Figure 3. Urea accumulation causes mitochondrial dysfunction.

(A) Intracellular ammonia and urea concentration measured in Y, S, and SN cells. Data normalized to S and represented as mean ± SD.

(B) Immunostaining for urea cycle enzyme, arginase-2 (ARG-2); scale bar represents 100 μm.

(C) Quantification of ARG-2 intensity per cell normalized to S; data shown as mean ± 95% CI for >100 cells.

(D) Quantification of gene expression of SLC14A1 via quantitative RT-PCR normalized to S and internally normalized to RPL32 cycle number. Y_shSLC denotes Y cells with SLC14A1 knockdown.

(E) Intracellular urea concentration measured in Y, S, and Y_shSLC cells, normalized to Y cells.

(F) Immunostaining for COX IV; scale bar represents 100 μm.

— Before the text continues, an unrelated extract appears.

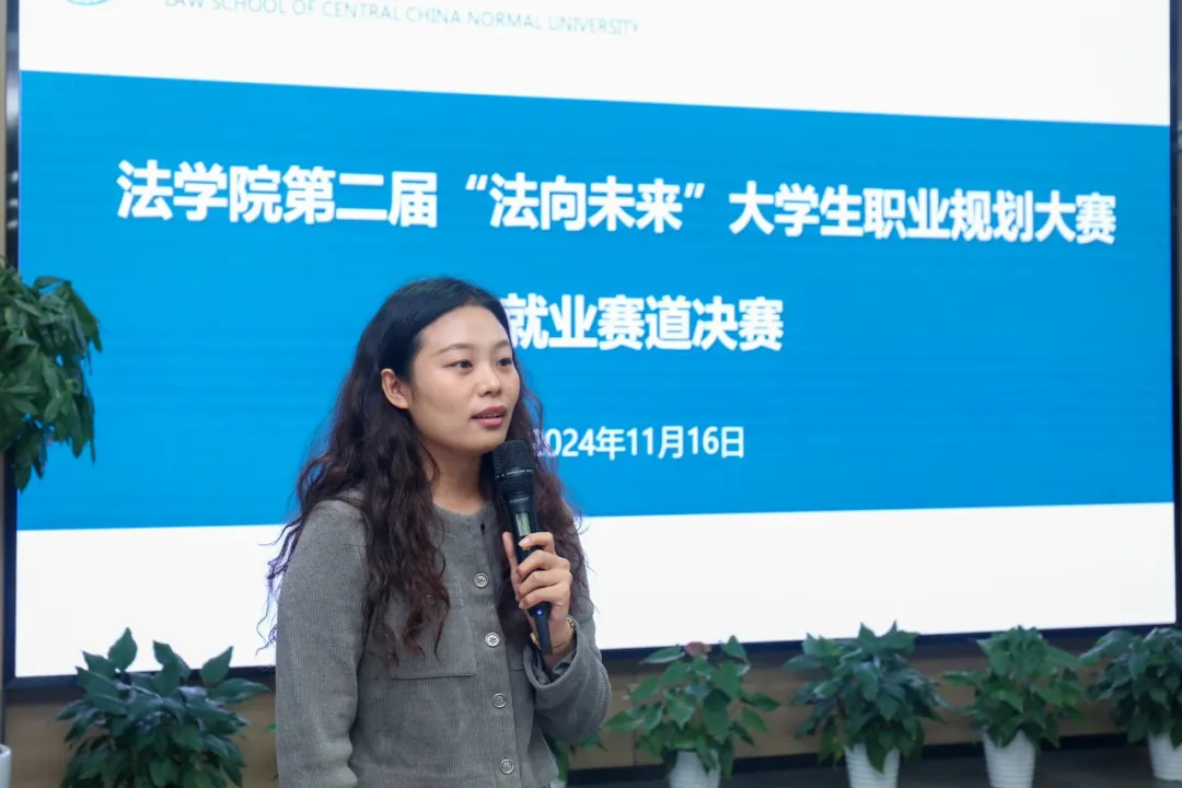 在就业赛道中,9名选手围绕职业胜任力与职业目标匹配度进行展示。张龙、王庄奕、龙媛媛致力于法治教育,分别聚焦西部法治教育、道法课程教学创新,强调教学实践与青少年法治教育发展的关联。肖博涵、罗晓慧、黄龙宇致力于成为乡村振兴律师、乡村妇女权益保护公职律师和检察官助理。邹蕴以企业法务为职业目标,结合实习经历阐述了在合同审查、风险控制等实务方面的能力和跨学科背景的优势。赵新毅和崔芃凡则专注于高校人才培养,分别以高校教师和辅导员为职业方向。

(G) Quantification of COX IV intensity per cell normalized to Y; data shown as mean ± 95% CI for >100 cells.

(H) Mitotracker Red live stain images; scale bar represents 100 μm.

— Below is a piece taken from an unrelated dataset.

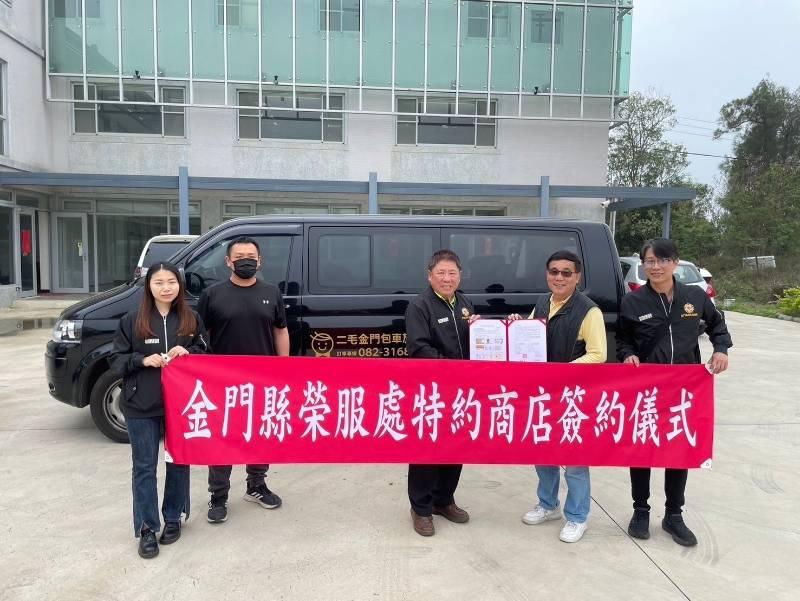 【大成報記者于郁金/金門報導】為落實輔導會服務照顧工作,提供退除役官兵消費優惠,7日金門縣榮服處游文勇處長與二毛旅行社公司張國威董事長簽署退除役官兵特約商店優惠合約書,凡憑榮譽國民證、榮民遺眷家戶代表證、退除役官兵輔導委員會及所屬機構員工證、榮欣志工服務證、備除役軍人眷屬證、第二類退除役官兵權益卡、美國退伍軍人事務部製發之退伍軍人卡、美國退伍軍人健保卡、後備軍人輔導中心服務證,陸軍第一特種兵榮譽證及數位榮福卡等,均有優惠,並同時提供合作企業,浯島文旅、永成租車、醉酒香陳窖等公司優惠方案。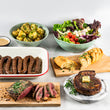 Ready-made Premium Braai Box, Suited For Four People: A thoughtfully curated collection of our finest farm butchery products for a memorable braai, including ribeye, braai rashers, and boerewors. The box is complete with sides of potato salad, Greek salad, and garlic bread, as well as our special Asian BBQ braai sauce and smoked chilli salt.

(I) Quantification of Mitotracker Red intensity per cell; data shown as mean ± 95% CI for >100 cells.

(J) Measurement of oxygen consumption (OCR) using Seahorse extracellular flux analyzer.

(K–N) Basal respiration (K), ATP-linked respiration (L), maximal respiration (M), and spare respiratory capacity (N) rates calculated from the OCR data in (L).

(O) Immunostaining for phosphorylated form of histone H2AX (γ-H2AX), a measure of DNA damage; scale bar represents 100 μm.

(P) Quantification of γ-H2AX intensity per cell, normalized to Y; data shown as mean ± 95% CI for >100 cells.